__Source records__
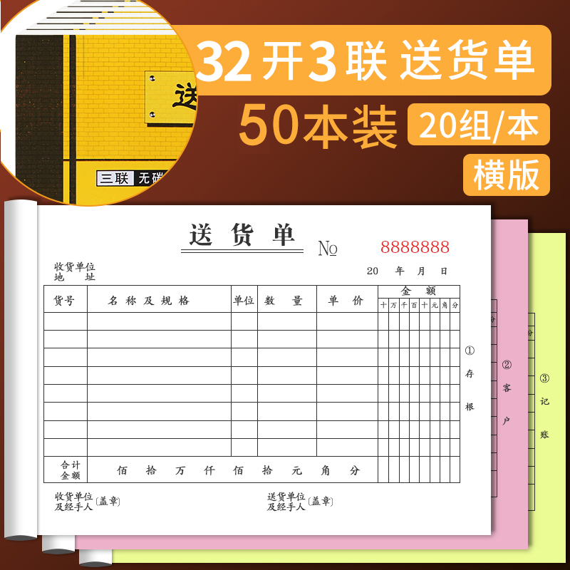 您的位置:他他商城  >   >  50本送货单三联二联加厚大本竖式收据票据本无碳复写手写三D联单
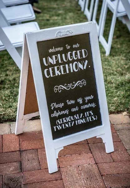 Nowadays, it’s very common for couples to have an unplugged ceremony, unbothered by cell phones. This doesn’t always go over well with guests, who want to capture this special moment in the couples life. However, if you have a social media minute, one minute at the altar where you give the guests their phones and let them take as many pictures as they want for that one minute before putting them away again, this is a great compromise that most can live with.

* * *

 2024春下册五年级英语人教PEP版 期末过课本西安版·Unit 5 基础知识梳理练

__Exercise goal__
Taking the material above, give again exactly the lines from the one holding "您的位置:他他商城  >   >  50本送货单三联二联加厚大本竖式收据票据本无碳复写手写三D联单" through the one holding "Nowadays, it’s very", with both ends and without pictures.

__Task output__
 您的位置:他他商城  >   >  50本送货单三联二联加厚大本竖式收据票据本无碳复写手写三D联单
 Nowadays, it’s very common for couples to have an unplugged ceremony, unbothered by cell phones. This doesn’t always go over well with guests, who want to capture this special moment in the couples life. However, if you have a social media minute, one minute at the altar where you give the guests their phones and let them take as many pictures as they want for that one minute before putting them away again, this is a great compromise that most can live with.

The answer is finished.